A settlement agreement can also be avoided – if it is proved, among other things, that there was a serious breach of applicable standards of mediator conduct or if the mediator fails to disclose facts or circumstances that raise justifiable doubts regarding her impartiality or independence. Only when there exists a causal link between the mediator’s breach of applicable standards or failure of disclosure and the decision to settle – not just a correlation – the settlement agreement is not likely to be enforced.
Whilst a mediator need not be impartial in the same way as an arbitrator, the Singapore Convention will encourage a neutral to remain impartial in the course of a hybrid mechanism for dispute resolution. At the same time, it would not be easy for parties to shun a mediated settlement – especially on account of the mere fact that the same neutral participated in a combination of mediation and arbitration processes.

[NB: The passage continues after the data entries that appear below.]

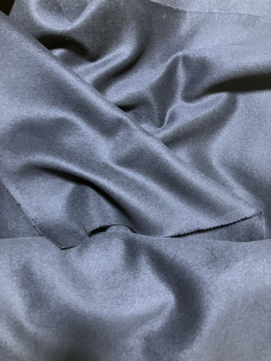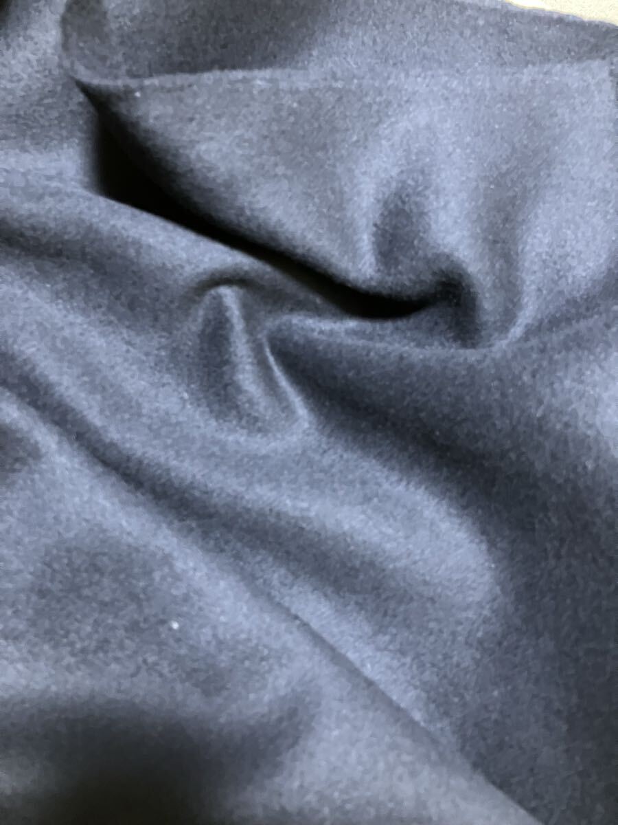 厚手でハリのある生地で特にビーバー仕上げにはなっておりませんが、しっかりと光沢感があります。
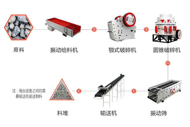 2、頭破:建筑垃圾先歷經(jīng)震動喂料機進入頭破機械pe顎式破碎機中,pe顎式破碎機能把大塊物料解決成小塊,以方便進入二級石頭機機械中。
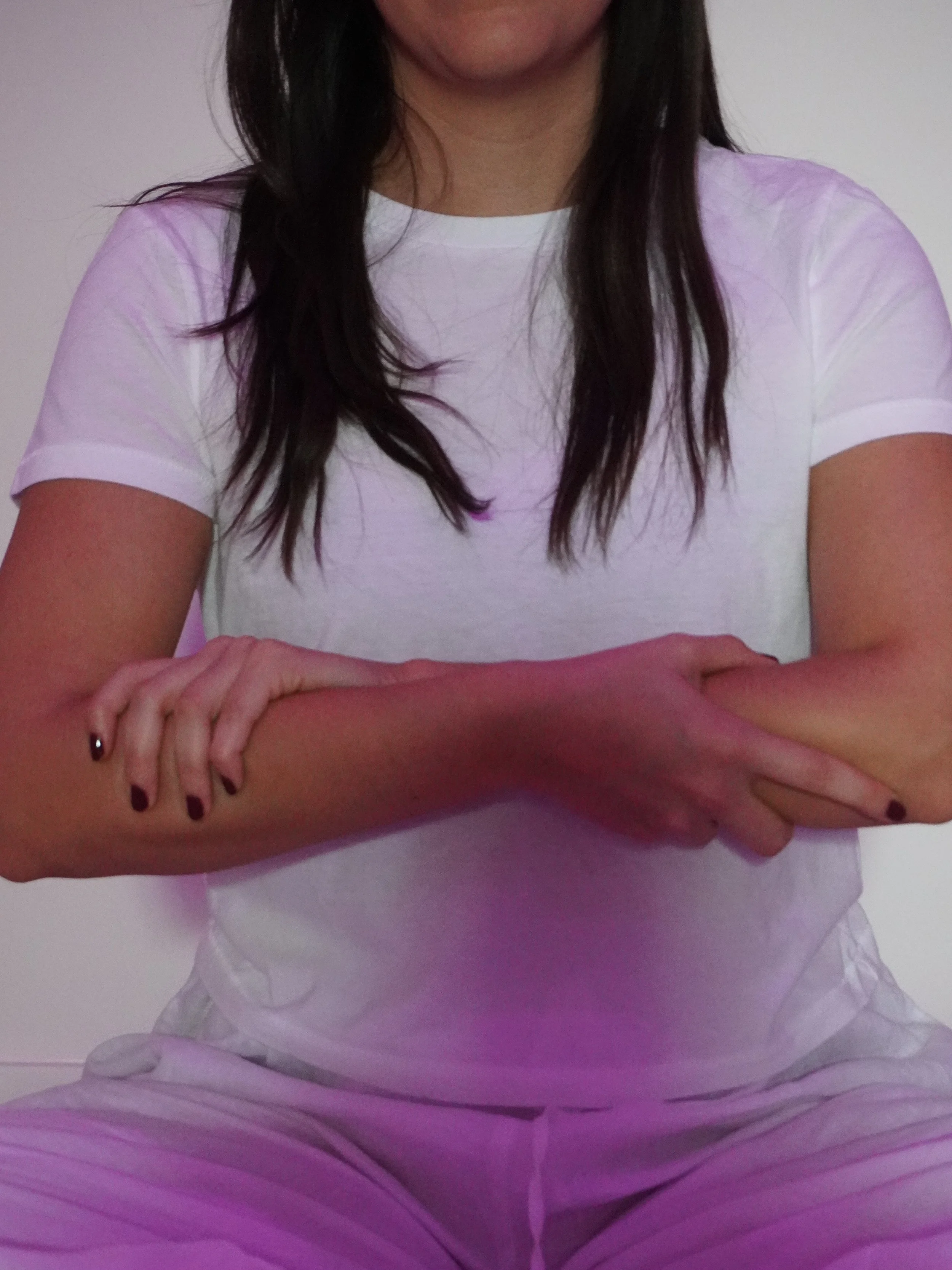 Self-Touch: start simple by holding one hand with the other as you play with pressure - squeezing more firmly and then letting you - allowing yourself to find a sense of curiosity for what feels best in your body. Once you have played around with it, you can choose to do the same on another part of your body - perhaps one that is in need of more love or compassion (for ex: heart, belly, shoulders, etc.)
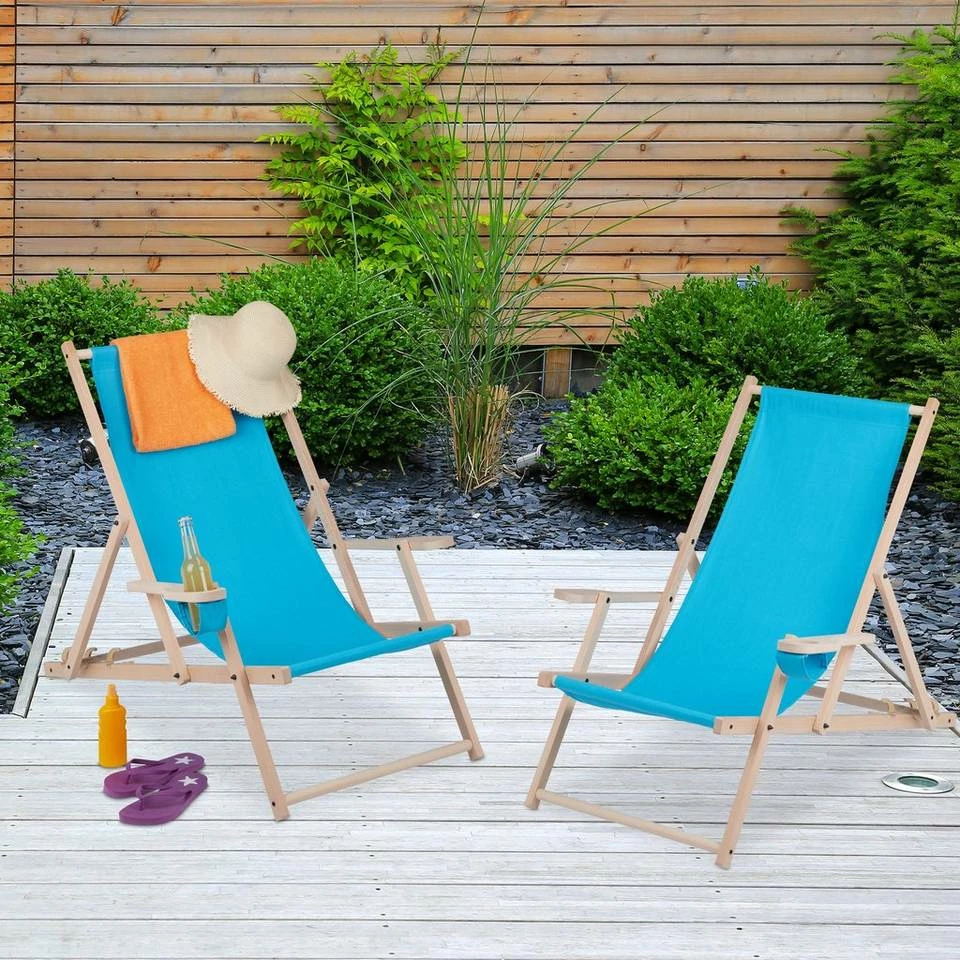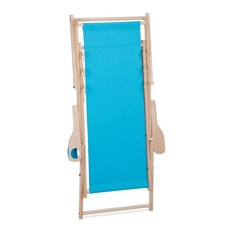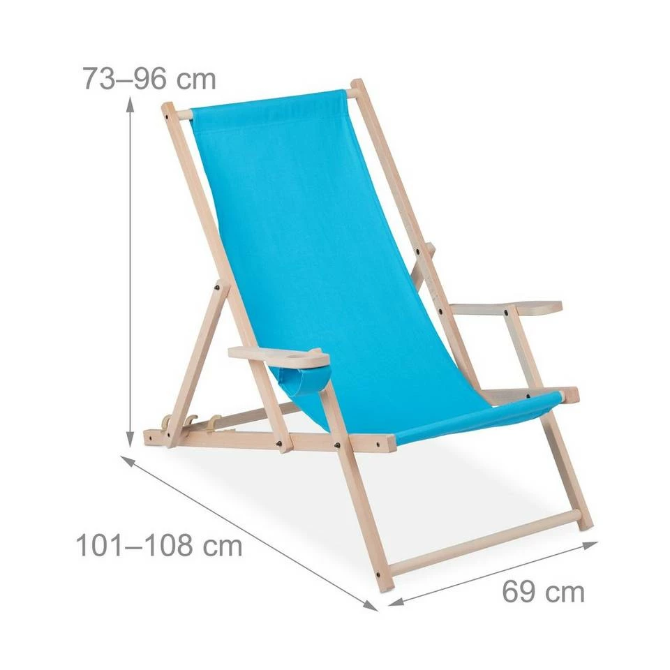 - Details: Liegestuhl aus Buchenholz mit Stoffbezug – Mit Armlehnen und Getränkehalter – Bis 120 kg

The thickest friends are those who are well aware of their unique traits and differences. Each adopts her own approach towards a complex situation. Individually, they are equally capable of reaching a solution. Yet, both would agree that certain tasks are better suited for one than the other. At the same time, they will always find reasons and suitable ways to work together towards their common goal.
In the realm of dispute resolution, arbitration and mediation have the potential to become thick as thieves. Their combination may or may not be sequential. It may use separate neutrals or the same wearing both hats. But as long as it is preceded by the parties’ consent, a carefully tailored combination of arbitration and mediation might just evolve as the most effective mechanism for resolution of international disputes.